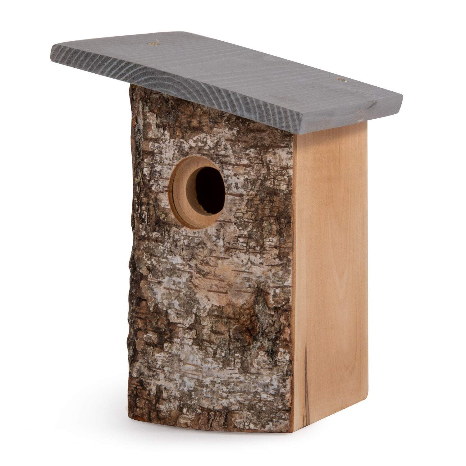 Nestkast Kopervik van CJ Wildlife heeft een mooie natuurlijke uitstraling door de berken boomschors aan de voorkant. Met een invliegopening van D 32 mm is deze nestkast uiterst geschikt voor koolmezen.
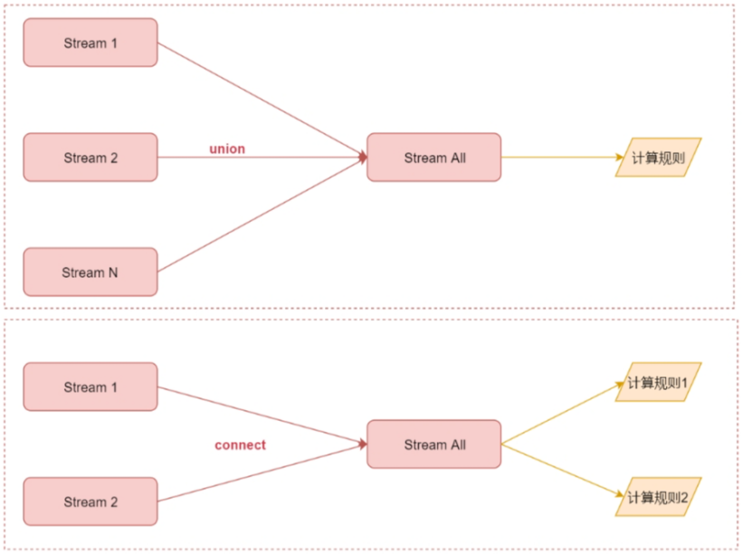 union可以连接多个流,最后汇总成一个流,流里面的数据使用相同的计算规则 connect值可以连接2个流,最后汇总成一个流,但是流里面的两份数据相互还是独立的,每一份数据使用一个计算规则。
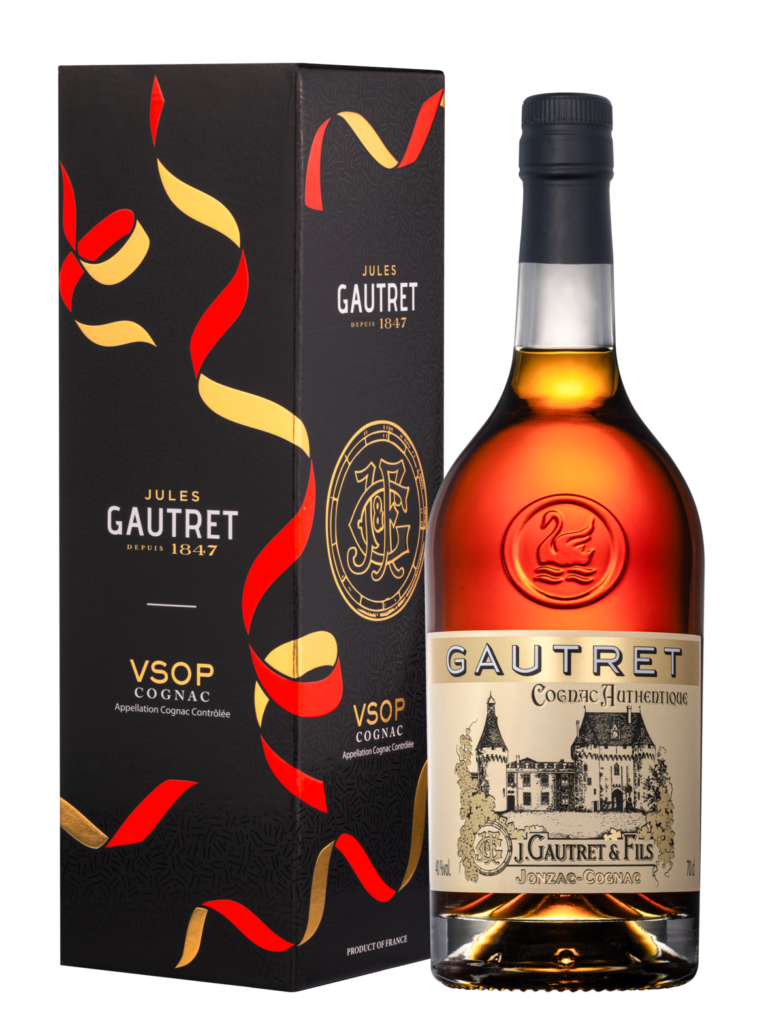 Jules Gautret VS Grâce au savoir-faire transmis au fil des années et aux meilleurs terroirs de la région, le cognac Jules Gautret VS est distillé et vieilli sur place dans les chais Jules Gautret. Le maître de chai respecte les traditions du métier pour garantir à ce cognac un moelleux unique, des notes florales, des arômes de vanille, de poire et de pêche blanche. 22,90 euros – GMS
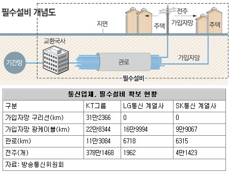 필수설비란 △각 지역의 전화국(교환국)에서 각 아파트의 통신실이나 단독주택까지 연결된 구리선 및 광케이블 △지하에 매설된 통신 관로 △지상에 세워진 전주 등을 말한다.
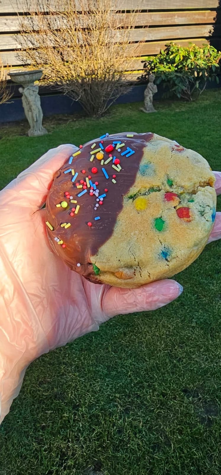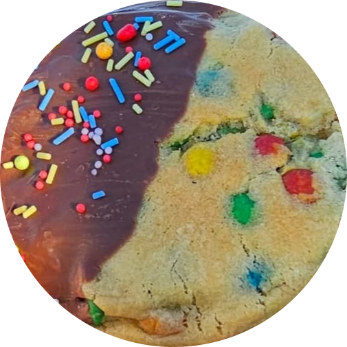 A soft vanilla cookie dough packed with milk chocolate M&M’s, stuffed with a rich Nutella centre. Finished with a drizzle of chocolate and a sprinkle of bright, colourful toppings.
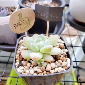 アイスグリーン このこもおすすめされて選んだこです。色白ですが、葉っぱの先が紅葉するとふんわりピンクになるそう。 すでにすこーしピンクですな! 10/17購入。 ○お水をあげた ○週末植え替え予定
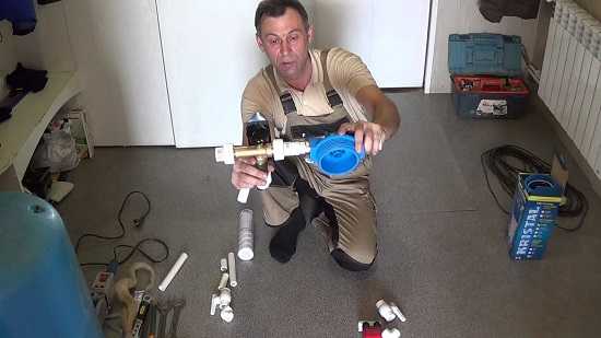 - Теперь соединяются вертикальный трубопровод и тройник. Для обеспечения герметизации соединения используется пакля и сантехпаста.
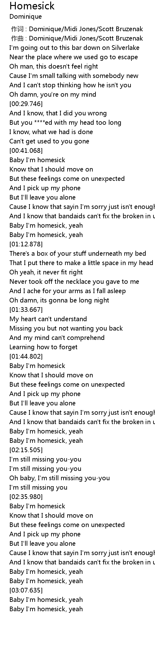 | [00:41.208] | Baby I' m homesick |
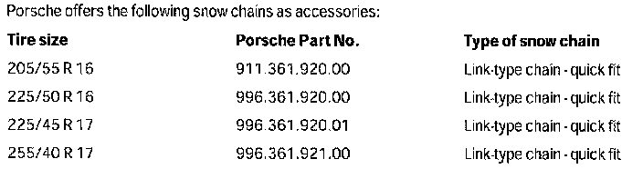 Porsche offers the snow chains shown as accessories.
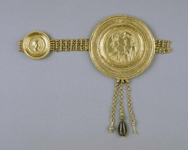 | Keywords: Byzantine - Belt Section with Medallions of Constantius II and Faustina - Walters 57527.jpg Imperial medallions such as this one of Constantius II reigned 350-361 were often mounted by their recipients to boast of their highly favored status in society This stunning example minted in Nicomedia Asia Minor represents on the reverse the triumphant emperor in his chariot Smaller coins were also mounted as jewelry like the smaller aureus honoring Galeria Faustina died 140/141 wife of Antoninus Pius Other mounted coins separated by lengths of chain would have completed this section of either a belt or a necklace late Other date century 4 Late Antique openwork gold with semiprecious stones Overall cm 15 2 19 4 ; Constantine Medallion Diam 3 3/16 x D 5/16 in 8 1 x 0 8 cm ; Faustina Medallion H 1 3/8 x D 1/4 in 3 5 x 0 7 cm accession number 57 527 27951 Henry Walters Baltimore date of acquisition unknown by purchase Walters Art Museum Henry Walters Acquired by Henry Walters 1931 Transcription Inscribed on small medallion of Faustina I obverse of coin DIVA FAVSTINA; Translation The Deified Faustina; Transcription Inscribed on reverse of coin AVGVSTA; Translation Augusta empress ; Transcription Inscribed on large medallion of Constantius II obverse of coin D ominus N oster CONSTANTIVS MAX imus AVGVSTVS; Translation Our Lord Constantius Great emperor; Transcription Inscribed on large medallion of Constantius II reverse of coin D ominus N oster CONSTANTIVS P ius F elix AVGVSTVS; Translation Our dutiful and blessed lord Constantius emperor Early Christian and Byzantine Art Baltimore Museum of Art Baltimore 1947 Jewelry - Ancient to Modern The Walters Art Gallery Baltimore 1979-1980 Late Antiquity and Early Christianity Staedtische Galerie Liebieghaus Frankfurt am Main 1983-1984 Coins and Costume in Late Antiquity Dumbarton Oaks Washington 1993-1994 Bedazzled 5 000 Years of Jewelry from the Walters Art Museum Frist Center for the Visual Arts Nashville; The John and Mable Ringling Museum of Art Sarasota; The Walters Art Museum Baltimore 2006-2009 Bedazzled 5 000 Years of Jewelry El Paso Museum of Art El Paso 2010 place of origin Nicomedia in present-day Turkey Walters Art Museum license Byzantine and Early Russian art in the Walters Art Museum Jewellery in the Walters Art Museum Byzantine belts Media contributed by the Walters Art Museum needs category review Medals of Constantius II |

════

## WHAT YOU HAVE TO DO
Omit the pictures and set down the records exactly.

## EXERCISE OUTPUT
 Nestkast Kopervik van CJ Wildlife heeft een mooie natuurlijke uitstraling door de berken boomschors aan de voorkant. Met een invliegopening van D 32 mm is deze nestkast uiterst geschikt voor koolmezen.
 union可以连接多个流,最后汇总成一个流,流里面的数据使用相同的计算规则 connect值可以连接2个流,最后汇总成一个流,但是流里面的两份数据相互还是独立的,每一份数据使用一个计算规则。
 Jules Gautret VS Grâce au savoir-faire transmis au fil des années et aux meilleurs terroirs de la région, le cognac Jules Gautret VS est distillé et vieilli sur place dans les chais Jules Gautret. Le maître de chai respecte les traditions du métier pour garantir à ce cognac un moelleux unique, des notes florales, des arômes de vanille, de poire et de pêche blanche. 22,90 euros – GMS
 필수설비란 △각 지역의 전화국(교환국)에서 각 아파트의 통신실이나 단독주택까지 연결된 구리선 및 광케이블 △지하에 매설된 통신 관로 △지상에 세워진 전주 등을 말한다.
 A soft vanilla cookie dough packed with milk chocolate M&M’s, stuffed with a rich Nutella centre. Finished with a drizzle of chocolate and a sprinkle of bright, colourful toppings.
 アイスグリーン このこもおすすめされて選んだこです。色白ですが、葉っぱの先が紅葉するとふんわりピンクになるそう。 すでにすこーしピンクですな! 10/17購入。 ○お水をあげた ○週末植え替え予定
 - Теперь соединяются вертикальный трубопровод и тройник. Для обеспечения герметизации соединения используется пакля и сантехпаста.
 | [00:41.208] | Baby I' m homesick |
 Porsche offers the snow chains shown as accessories.
 | Keywords: Byzantine - Belt Section with Medallions of Constantius II and Faustina - Walters 57527.jpg Imperial medallions such as this one of Constantius II reigned 350-361 were often mounted by their recipients to boast of their highly favored status in society This stunning example minted in Nicomedia Asia Minor represents on the reverse the triumphant emperor in his chariot Smaller coins were also mounted as jewelry like the smaller aureus honoring Galeria Faustina died 140/141 wife of Antoninus Pius Other mounted coins separated by lengths of chain would have completed this section of either a belt or a necklace late Other date century 4 Late Antique openwork gold with semiprecious stones Overall cm 15 2 19 4 ; Constantine Medallion Diam 3 3/16 x D 5/16 in 8 1 x 0 8 cm ; Faustina Medallion H 1 3/8 x D 1/4 in 3 5 x 0 7 cm accession number 57 527 27951 Henry Walters Baltimore date of acquisition unknown by purchase Walters Art Museum Henry Walters Acquired by Henry Walters 1931 Transcription Inscribed on small medallion of Faustina I obverse of coin DIVA FAVSTINA; Translation The Deified Faustina; Transcription Inscribed on reverse of coin AVGVSTA; Translation Augusta empress ; Transcription Inscribed on large medallion of Constantius II obverse of coin D ominus N oster CONSTANTIVS MAX imus AVGVSTVS; Translation Our Lord Constantius Great emperor; Transcription Inscribed on large medallion of Constantius II reverse of coin D ominus N oster CONSTANTIVS P ius F elix AVGVSTVS; Translation Our dutiful and blessed lord Constantius emperor Early Christian and Byzantine Art Baltimore Museum of Art Baltimore 1947 Jewelry - Ancient to Modern The Walters Art Gallery Baltimore 1979-1980 Late Antiquity and Early Christianity Staedtische Galerie Liebieghaus Frankfurt am Main 1983-1984 Coins and Costume in Late Antiquity Dumbarton Oaks Washington 1993-1994 Bedazzled 5 000 Years of Jewelry from the Walters Art Museum Frist Center for the Visual Arts Nashville; The John and Mable Ringling Museum of Art Sarasota; The Walters Art Museum Baltimore 2006-2009 Bedazzled 5 000 Years of Jewelry El Paso Museum of Art El Paso 2010 place of origin Nicomedia in present-day Turkey Walters Art Museum license Byzantine and Early Russian art in the Walters Art Museum Jewellery in the Walters Art Museum Byzantine belts Media contributed by the Walters Art Museum needs category review Medals of Constantius II |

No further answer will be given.